Task to carry out: Your answer must be the data repeated exactly, with no pictures in it.

Given information:
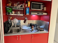 The room had the most uncomfortable wooden chairs and the bed was hard as a rock. No Kleenex or paper towels or cream rinse was supplied. The kitchen did not have basic utensils to even heat up leftovers. The best part of the resort was the wonderful restaurant with spectacular views. The beach was beautiful and calm. I would not return.
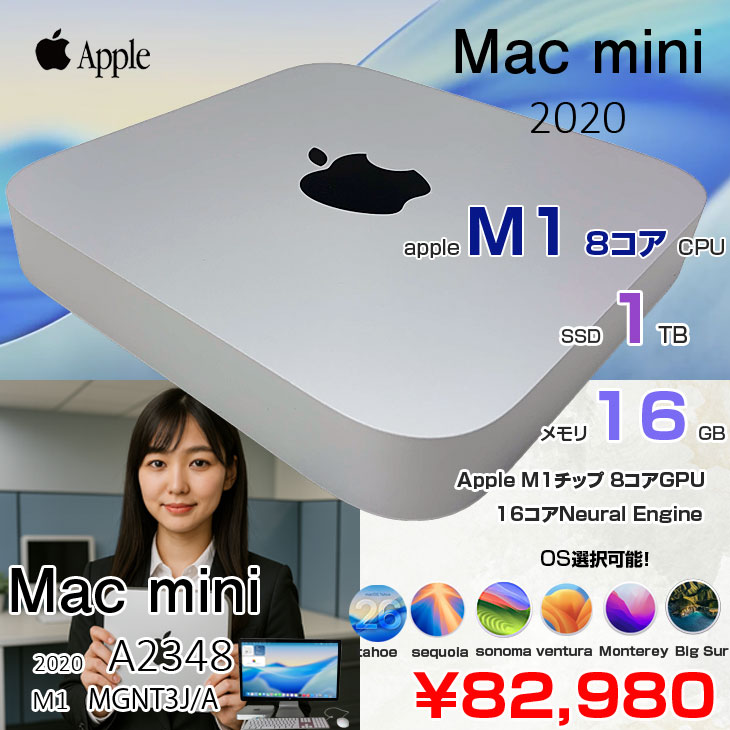 Apple Mac mini MGNT3J/A A2348 M1 2020 小型デスク 選べるOS [Apple M1 8コア メモリ16GB SSD1TB 無線 BT シルバー ]:良品
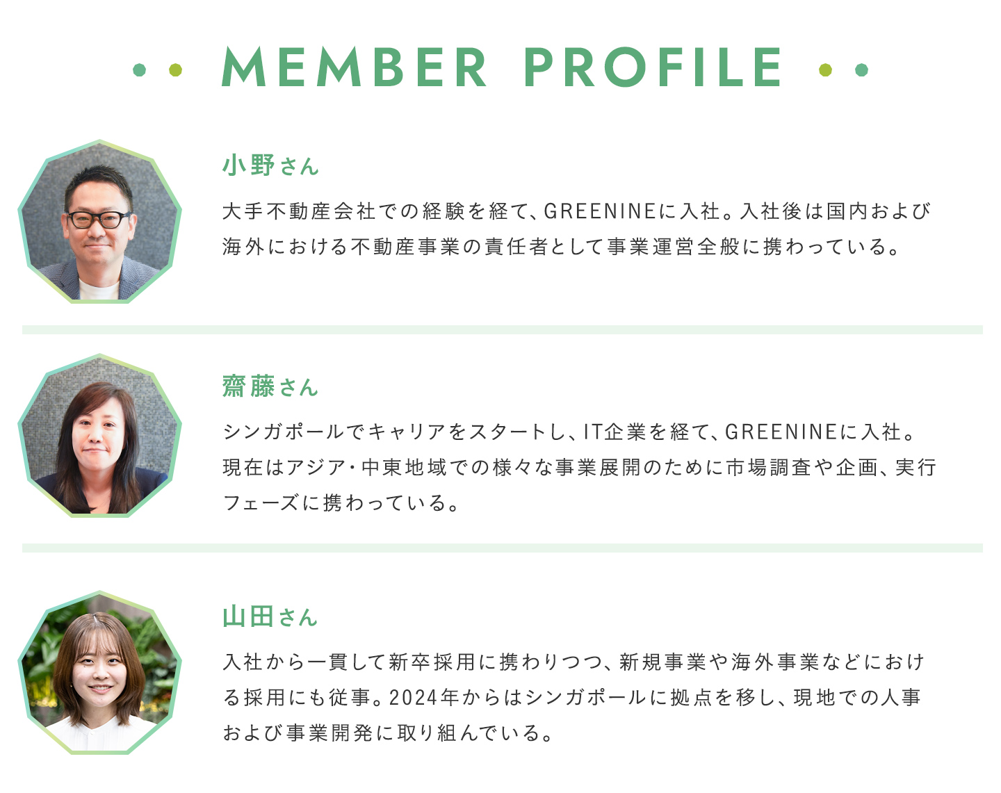 今回は、社員対談企画「GREENINE Cross Talk」の第3弾として、2021年から始まったGREENINEの海外事業に携わる3名に、シンガポール拠点やドバイ拠点での仕事スタイルや海外事業ならではのエピソードについて語ってもらいました。

Task solution:
 The room had the most uncomfortable wooden chairs and the bed was hard as a rock. No Kleenex or paper towels or cream rinse was supplied. The kitchen did not have basic utensils to even heat up leftovers. The best part of the resort was the wonderful restaurant with spectacular views. The beach was beautiful and calm. I would not return.
 Apple Mac mini MGNT3J/A A2348 M1 2020 小型デスク 選べるOS [Apple M1 8コア メモリ16GB SSD1TB 無線 BT シルバー ]:良品
 今回は、社員対談企画「GREENINE Cross Talk」の第3弾として、2021年から始まったGREENINEの海外事業に携わる3名に、シンガポール拠点やドバイ拠点での仕事スタイルや海外事業ならではのエピソードについて語ってもらいました。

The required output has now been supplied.